Products in nouz are an optional convenience — you can run the whole app on manual entries forever. But once you set up your top-selling items as products, the daily close-out shrinks from "type cash, type card, estimate COGS" to "pick product, type quantity" — and Statistics starts ranking your catalogue by which one is actually carrying the shop.
01 Why bother with products
Three reasons it's worth the five-minute setup for your top sellers:
- COGS auto-fills. Sell 80 cappuccinos today, nouz computes 80 × €0,42 = €33,60 of COGS automatically. No mental math at close-out.
- Margin ranking unlocks. Statistics can't rank products you haven't set up. The product performance card only shows items with product-level data.
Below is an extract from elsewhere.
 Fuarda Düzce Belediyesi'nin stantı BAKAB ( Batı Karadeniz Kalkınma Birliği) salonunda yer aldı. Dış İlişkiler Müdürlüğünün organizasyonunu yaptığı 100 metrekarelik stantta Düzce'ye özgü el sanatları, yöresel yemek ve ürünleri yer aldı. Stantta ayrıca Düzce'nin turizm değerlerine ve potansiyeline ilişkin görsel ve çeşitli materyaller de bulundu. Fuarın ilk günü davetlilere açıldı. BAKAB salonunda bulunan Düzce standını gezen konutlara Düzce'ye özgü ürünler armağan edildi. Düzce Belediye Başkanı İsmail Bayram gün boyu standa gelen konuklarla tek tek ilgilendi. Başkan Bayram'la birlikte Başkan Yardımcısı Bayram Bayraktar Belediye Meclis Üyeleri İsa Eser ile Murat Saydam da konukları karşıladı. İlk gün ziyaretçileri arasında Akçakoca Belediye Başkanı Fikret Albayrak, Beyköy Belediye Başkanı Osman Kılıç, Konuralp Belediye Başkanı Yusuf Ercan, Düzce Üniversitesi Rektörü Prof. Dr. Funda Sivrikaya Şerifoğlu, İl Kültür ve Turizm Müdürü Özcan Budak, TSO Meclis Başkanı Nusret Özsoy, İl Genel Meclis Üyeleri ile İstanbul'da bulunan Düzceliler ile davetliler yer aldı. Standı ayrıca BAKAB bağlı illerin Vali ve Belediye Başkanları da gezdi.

- Price experiments become measurable. If you bump cappuccino price by 50 cents next month, you can compare margin contribution before and after — only if you have product-level history.
02 The four fields
On Products → + Add product:
- Name. What you call it in your head. "Cappuccino", "Pain au chocolat".
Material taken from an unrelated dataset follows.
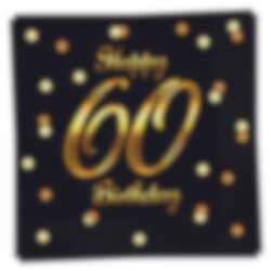 20 mustaa servettiä, joissa on kultainen kuvio ja numero 60. Servetit sopivat täydellisesti pöydän kattamiseen 60-vuotisjuhliin. Aukitaitettuna ne ovat kooltaan 33 x 33 cm.

- Sale price. Gross — what the customer pays. VAT included.
- COGS per unit. What it costs you to serve one. Beans + milk + cup + lid.
- Tax rate. Defaults to your business default. Override if this product has a different rate (takeaway food, books).
03 A worked example
A cappuccino, served at the counter:
Behind the scenes, every time you log a cappuccino sale, nouz reads the snapshot of that product's sale price and COGS at the moment you set it up. Subtract VAT (20% of €3,80 = €0,63), subtract COGS (€0,42), and your margin per cup is €2,75 before transaction fees. Sell 80 of them and your day's gross margin from cappuccinos alone is €220.
04 Start with your top five
You don't need every SKU. Most owners get 80% of their margin signal from the top five products. Start with those — the ones you sell the most of — and add the long tail later as you have time. Until then, log the rest as manual revenue (no product) for the daily total.
A typical café's top five: cappuccino, espresso, drip coffee, pain au chocolat, sandwich. A salon's top five: cut, colour, blow-dry, beard trim, gel polish. A small retail shop's top five depends entirely on what you sell, but you know what they are. Set those up first.
05 The snapshot rule
This snapshot behaviour is deliberate. It means a price bump or a COGS update going forward doesn't silently rewrite your past P&L. Your March numbers always reflect March prices, even if you change everything in October. Your accountant likes this; your future self likes this when you cross-reference an old VAT return.